Update: Feb 26, 2015 - A great post about Office 365 SPF checks was recently written by one of our program managers which I would high recommend reading. How Office 365 does SPF checks for customer-to-customer mail
I've recently seen an increase in cases that involve incorrectly published SPF records that have resulted in sent mail failing the SPF check. Ensuring your SPF record is up to date is great proactive work that can help prevent issues with SPF checks. In this article I'm going to go over how to properly set your SPF record if you are using Exchange Online or Exchange Online Protection.
There is also a common mistake that organizations sometimes make in their SPF record when they are smart hosting mail out through EOP which I will also highlight.
How does SPF Work?
SPF is a text DNS record that is published for a domain. This record lists all of the devices (typically by IP but there are other options) that are allowed to send mail on behalf of the domain. An SPF record can end in one of the following.
~all = If the SPF check fails, the result is a soft failure. Some mail systems may mark a message as spam if it has soft failed an SPF, but typically not.
-all = If the SPF check fails, the result is a hard failure. Most mail systems will mark an inbound message as spam if the SPF check results in a hard failure.
?all = If the SPF check fails, the result is neutral. This is typically used for SPF testing and not typically used for production domains.

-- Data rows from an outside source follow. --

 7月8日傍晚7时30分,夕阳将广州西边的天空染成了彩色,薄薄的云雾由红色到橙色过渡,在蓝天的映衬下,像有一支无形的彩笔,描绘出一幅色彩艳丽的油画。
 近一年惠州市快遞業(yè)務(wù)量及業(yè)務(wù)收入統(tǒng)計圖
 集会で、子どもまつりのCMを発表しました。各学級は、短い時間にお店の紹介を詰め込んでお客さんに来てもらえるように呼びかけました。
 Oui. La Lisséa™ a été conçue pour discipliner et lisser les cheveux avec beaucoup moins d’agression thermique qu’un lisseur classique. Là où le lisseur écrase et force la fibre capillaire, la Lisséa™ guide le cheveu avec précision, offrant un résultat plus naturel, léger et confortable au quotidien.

SPF is designed to help prevent spoofing. There are spoofing techniques that SPF cannot protect against, and this is where DMARC and DKIM come in. I'll be writing an article soon about this technology.

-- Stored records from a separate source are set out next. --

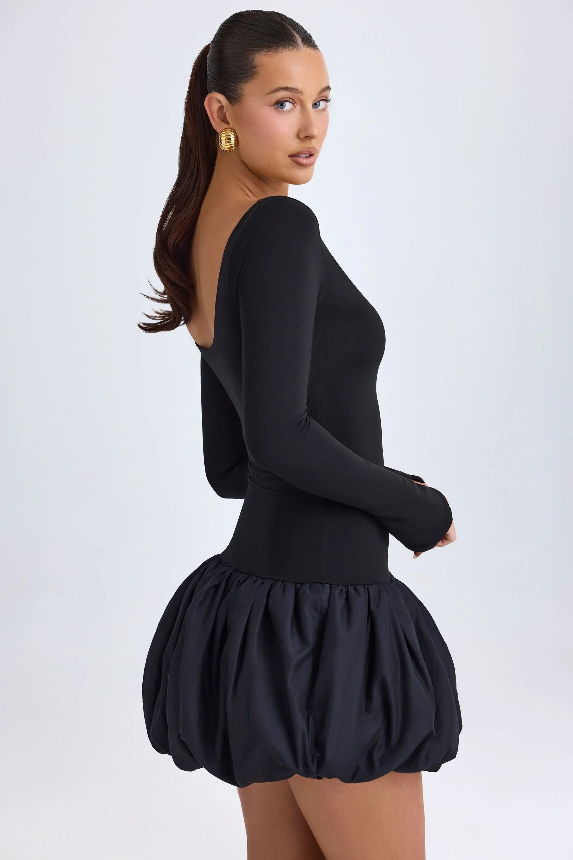 Timeless, elevated, undeniably chic. Perfect for dressy dinner plans or evening events, the Delphi mini dress is designed with a drop-waist stretch jersey bodice made with TENCEL™ Modal fibres, derived from controlled or certified wood sources, and falls to a voluminous bubble-hem skirt. It’s framed with a classic scoop neckline and fitted long sleeves for a timeless look.
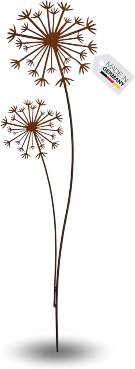 Diese süßen Pusteblumen-Gartenstecker in Rost-Optik bringen Charme in deinen Garten! Aus Metall gefertigt und bereits vorgerostet, sehen sie aus wie antike Fundstücke. Einfach in Beete, zwischen Rosen oder in Blumenkübel stecken - sofort wird dein Garten zum Hingucker. Perfekt für Staudenbeete, Rosenbeete oder einfach als Deko auf der Rasenfläche. Auch ein tolles Geschenk für Garten-Freunde oder zur Einweihungsparty. Der Frühlings- und Sommer-Deko-Klassiker schlechthin!
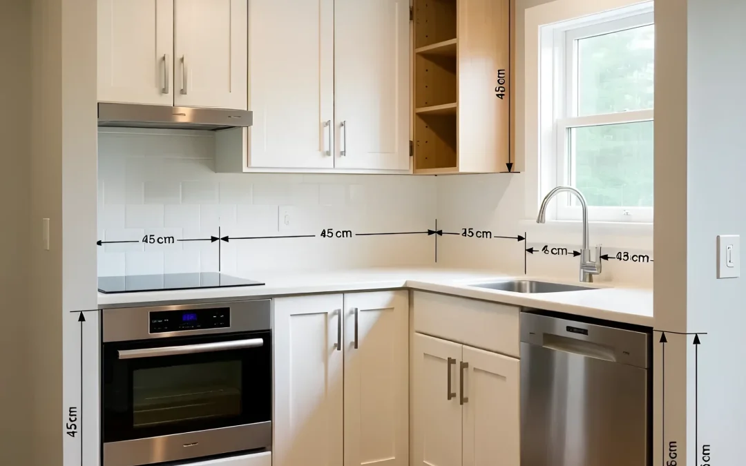 Данная компоновка спроектирована для максимальной эффективности на небольшой площади за счет углового расположения, оптимизируя рабочие зоны (мойка, варочная поверхность). Встроенная техника (духовой шкаф 45 см) экономит место, а глубина шкафов 45 см позволяет комфортно перемещаться в проходе. Открытая ниша служит для быстрого доступа к нужным предметам или для визуального облегчения массивности верхнего ряда.

In EOP, if you would like inbound messages that hard fail an SPF check to be marked as spam, you can enable the following option in your content filter.

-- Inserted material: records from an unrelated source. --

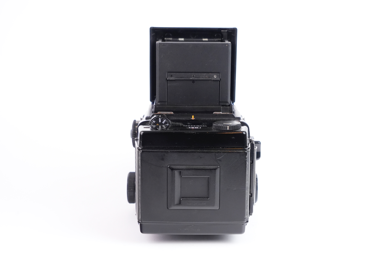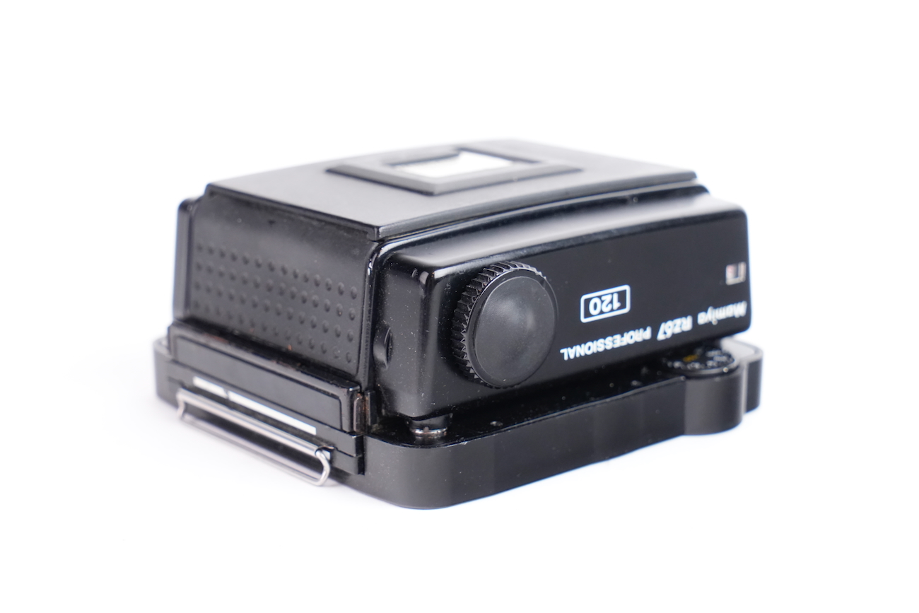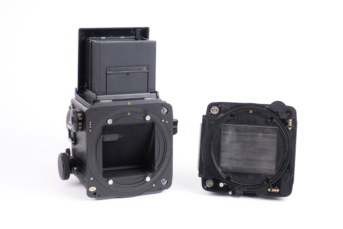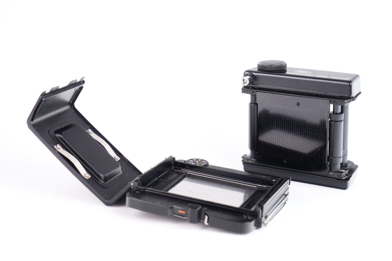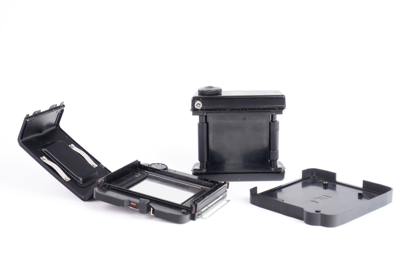 Appareil moyen format reflex Mamiya RZ67 Professional, système modulaire 6×7 cm. Boîtier à commande électronique (nécessite une pile de 6V, type 4LR44), soufflet intégré pour la mise au point rapprochée. Compatible avec dos interchangeables et objectifs Mamiya RZ. Le boîtier fonctionne correctement, le dos rotatif est opérationnel, l'armement et le déclenchement se fait sans encombre, les vitesses sont respectées. L'objectif Mamiya-Sekkor 90/3.5 est propre, sans défaut optique et sans souci mécanique. Pas de brume, pas de décollement, pas de rayure, pas de champignon. Vient avec trois dos, un filtre créatif "CFrance" et un bouchon d'objectif "Tokina".
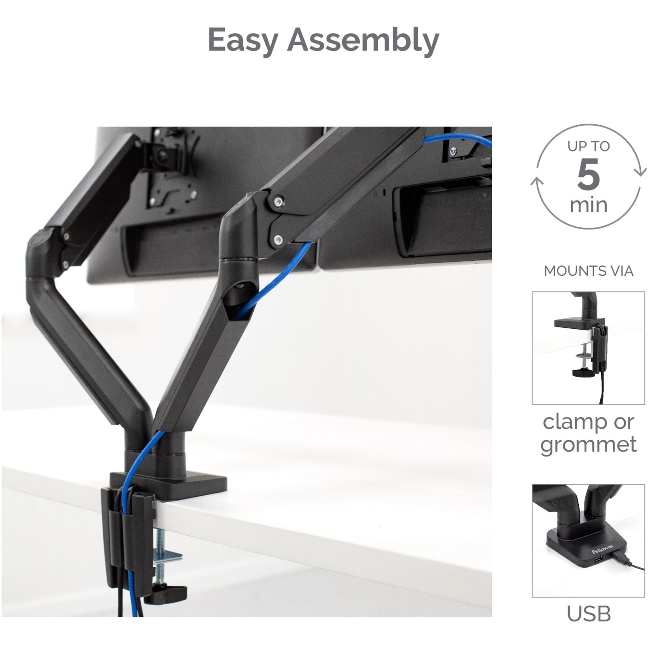 Platinum Series Dual Monitor Arm features two fully independent, adjustable monitor arms for the ideal positioning of your monitors. Innovative gas-spring technology allows effortless monitor adjustment. Intuitive cord-management system helps minimize clutter. Two USB ports located at the base of the product make it easy to connect your favorite devices. Monitor arms are easy to mount. Use a clamp or grommet. Each arm holds a monitor up to 20 lb. It meets VESA mounting standards. Fellowes Platinum Series Dual Monitor Arm, Black
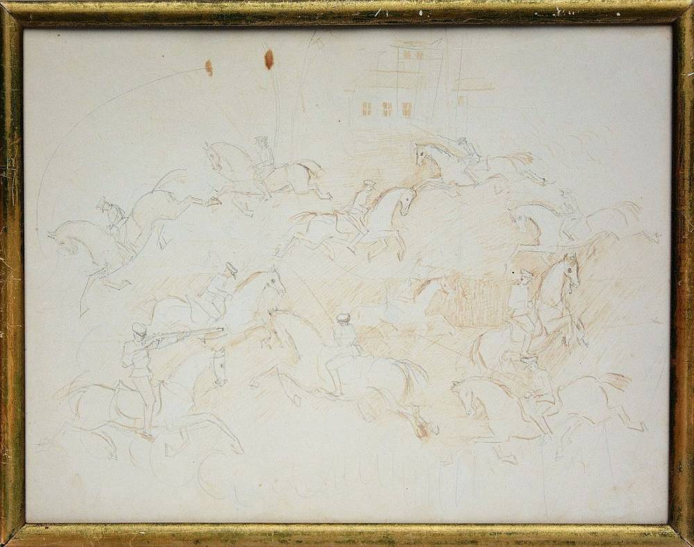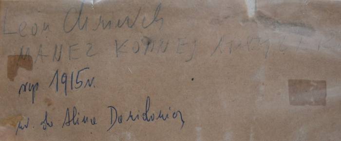 | Praca została zakupiona przez Muzeum Sztuki w Łodzi. Rysunek będzie prezentowany na wystawie "Wielka wojna" (23 XI 2018 - 17 III 2019). Do pracy dołączony jest opis pracy oraz podpis córki artysty - Aliny Dawidowiczowej. Praca była reprodukowana w książce W. Wyganowska, "Sztuka legionów polskich 1914-1918", Wydawnictwo Neriton, Warszawa 1994, il. 6. Praca była wystawiana na wystawie: "Wychowankowie i pedagodzy krakowskiej Akademii Sztuk Pięknych w Legionach", Kraków 1988. Na odwrocie pracy znajduje się szkic scenografii wykonany ołówkiem. Opis pracy: W czasie powstania prezentowanej pracy Maneż konnej artylerii (1915), artysta służył w wojsku. Od 1915 roku przebywał w 5 baterii 1 Pułku Artylerii Polowej Legionów Polskich. Co powoduje przypuszczać, że Leon Chwistek mógł wykonać opisywany szkic na podstawie sceny widzianej na żywo. Na odwrocie pracy znajduje się szkic scenografii. Ekspresja kreski jest zbliżona do kompozycji "Maneż konnej artylerii". Warto wspomnieć, Leon Chwistek był człowiekiem wielostronnym, zajmował się malarstwem, teorią filozofii, logiką oraz matematyką. W swoich tekstach wypowiadał się na temat koncepcji teatru. W latach 30. artysta pisał: "Projektowałem wówczas przerzucenie sceny na wielki amfiteatr, dzięki czemu można by wystąpić równocześnie z niesłychanym bogactwem formy i barwy. Widownia w kształcie ogromnego słoika, miała znajdować się w środku i obracać z wolna dookoła osi, celem umożliwienia widzom objęcia całości przedstawienia. (...) Przypuszczam, że idea strefizmu, tj. podziału sceny na strefę smutną i wesołą, zimną i ciepłą, krągłą i wydłużoną, złośliwą i pogodną, albo na większą liczbę tych stref, doprowadzi z czasem do narodzenia się nowych wartości w dziedzinie widowiska i teatru." Prawdopodobne jest, że prezentowany szkic jest zarysem idei strefizmu w teatrze. Niezwykle podobną kompozycję możemy znaleźć w pracy "Projekt scenografii - praca dwustronna" (tusz, papier, 22,5 x 28 cm (w świetle passe-partout, Aukcja Prac na Papierze Dom Aukcyjny DESA UNICUM, 19 luty 2015) [Bibliografia: Leon Chwistek, Wybór pism estetycznych, wprowadzenie i opracowanie, Teresa Kostyrko, Kraków 2004, s. 159-160.] | |

One way to view the SPF record of a domain is to type the following in a command window (remove the triangle brackets).
nslookup -type=txt <domain>
Configure your SPF Record
If you subscribe to Exchange Online and ONLY send mail out of the cloud mailboxes, your SPF record will probably look as follows.
v=spf1 include:spf.protection.outlook.com -all
If you are in a hybrid setup or use EOP without cloud mailboxes, you will need to add the IPs of your on-premises edge mail servers to your SPF. In these situations, if outbound mail is being smart hosted through EOP, your SPF will probably look as follows. Here, 10.0.0.1 and 10.0.0.2 represent the IPs of the on-premises edge servers.
v=spf1 ip4:10.0.0.1 ip4:10.0.0.2 include:spf.protection.outlook.com -all
This next bit is very important. If you only take one thing away from this article, it should be this next paragraph.
Even if you smart host all of your outbound mail through EOP, you will still need to add your on-premises mail servers to your SPF record to ensure receiving partners SPF checks don't fail against your domain. I have seen some cases where organizations that smart host all of their outbound mail through EOP do not add their on-premises IPs to their SPF record and this has resulted in some SPF failures. It is very important that all devices that send mail on behalf of your domain are included in your SPF record, even if they smart host their outbound mail through EOP.